Snake Bites. Each year hundreds of pets come into contact with venomous animals. As we continue to venture forth into the wilderness, veterinarian, Dr Carol Osborne offers tips to help make hiking safe for you and your pet this summer. In general, most North American snakes are timid and naturally avoid pets and people. However, dogs and cats are often intrigued by snakes and enjoy harassing them, inviting a bite.
Minimize your dog’s exposure to snakes by staying on cleared, open paths while hiking. Keep your dog on a leash and don’t let him dig under rocks, logs, or explore holes. If you do encounter a snake or hear the distinctive rattle of the rattlesnake, try to figure out where the snake is, then quickly and quietly move away. Keep your dog on a leash at your side until you both are a good distance away from the snake.
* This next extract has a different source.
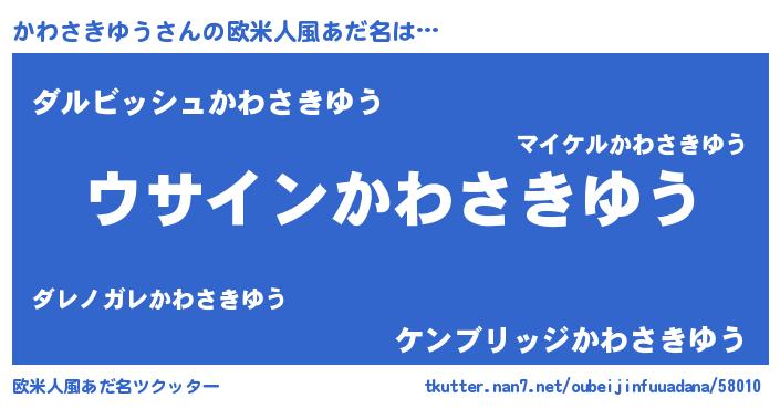 | 男性向けラノベタイトル風あだ名 | 『かわさきゆうの嫁は女の子じゃないと思った?』 |

Most snakes can strike at a distance of about half of their body length. Given the opportunity, most snakes will simply leave the area, wanting to avoid interaction with you and your pet.
Many species of snakes, particularly rattlesnakes, are more active at night. Avoid evening hikes in areas where these animals are prevalent. Recently, a rattlesnake venom vaccine has been created for dogs. The theory is that utilizing a rattlesnake venom vaccine will allow the dog to have protective antibodies available immediately and allow for neutralization of the venom. Red Rock Biologics, the company that created the vaccine, states that vaccinated dogs, on average, will have antibody levels comparable to treatment with three vials of antivenin.
Any pet bitten by a snake should be seen by a veterinarian immediately. Several factors, such as the species of snake and amount of venom injected, could affect the outcome, even with a vaccinated pet. Although anecdotal evidence from veterinarians in rattlesnake endemic areas is supportive of the vaccine, many veterinary teaching hospitals are urging caution in its use.
In some cases, dogs with snake bites are treated only with supportive care and in others, antivenin is used. Antivenin for pets can exceed $800 per treatment and may not be readily available.
Some veterinary experts recommend training your dog to avoid snakes. This type of training could be very useful, but, like many training regimens, most dogs will need routine refresher courses.